Read The House of Velvet and Glass Page 4


  Betty, to Sibyl’s occasional discomfort, was Sibyl’s exact age. She was plumper than Sibyl, healthy-looking, russet skinned with a smattering of freckles, as though her cheeks were spattered with cake batter. Her hair was dark red-brown, and frizzy, tied off her brow in a pouf. Sibyl thought her an ally in the house, and Betty provided one of the few sources of humor to be had within doors. If that humor was tinged with an unbecoming undercurrent of anger, Sibyl tried to overlook it.

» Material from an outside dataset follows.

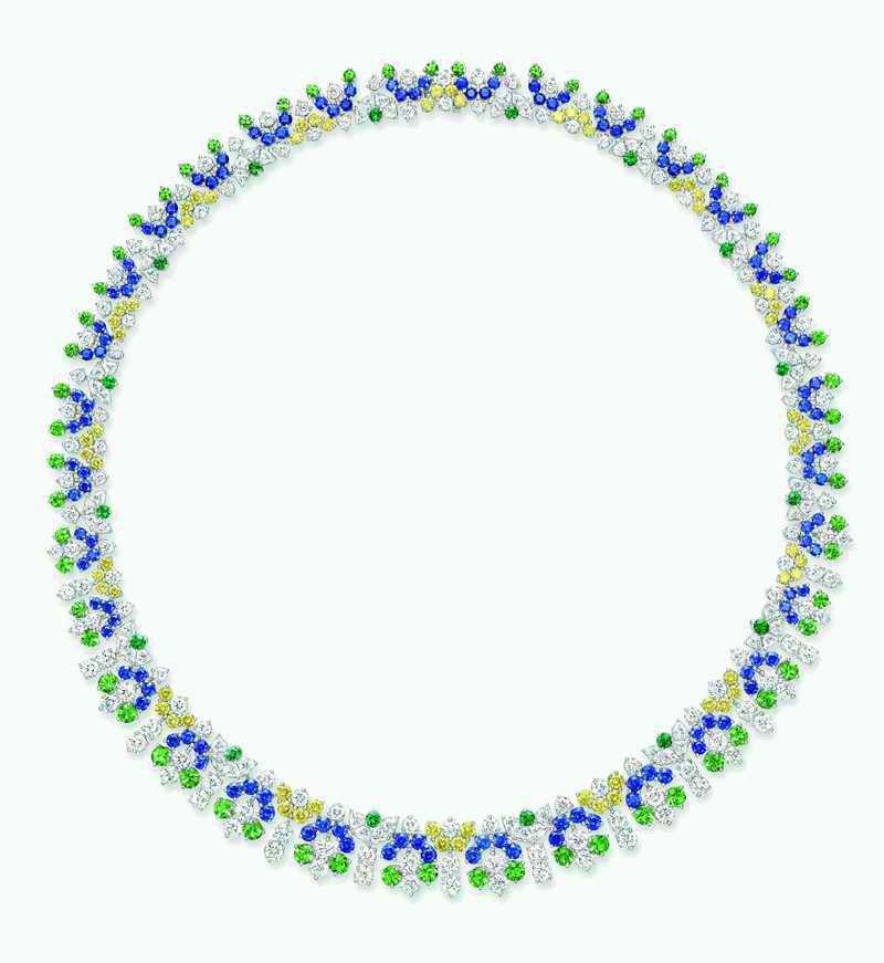New York系列Manhattan Adornment項鍊以16顆圓形明亮式切工祖母綠,64顆圓形明亮式切工沙弗萊石,64顆圓形明亮式切工黃鑽,搭配128顆圓形明亮式切工藍寶石和203顆圓形明亮式與三角形切工的鑽石,悉心鑲嵌於鉑金底座。

  “Betty!” she called from the doorway, and the hubbub of the kitchen ceased, with another of the occasional girls, a pale waif in a stained pinafore, actually freezing with her arms raised over a mixing bowl, as though caught in a game of tag.

  “. . . by God, your ear’ll get boxed so hard you’ll be spitting blood!” Betty finished upbraiding the cowering girl at the coal stove. As soon as the rebuke left her mouth Betty noticed the abbreviated silence in the kitchen, and turned.

  “Forgive my interrupting,” Sibyl ventured from the doorway.

  “Out,” Betty commanded the unfortunate girl, indicating the garden door with a jerk of her head, and the girl ran off with a squeak. Betty wiped her floured hands on her apron and approached Sibyl, casting her eyes sidelong at the other underling.

  “Don’t stand there gawking,” she snapped to the statue at the kitchen table, who unfroze and, with her head down, set batter mixing, eyes averted.

  “Too much work, on the dough,” Betty remarked, her exasperation tinged with defensiveness. Sibyl gathered that Betty wished to be very clear where blame for the pie should go. “But don’t worry, we’ll get it fixed. You’ll want supper at seven thirty, then?”

  “Mrs. Doherty tells me that Mister Harlan’s arrived,” Sibyl said, watching Betty for clues. News traveled quickly along the back stairs, and most of it found its way to the kitchen sooner rather than later.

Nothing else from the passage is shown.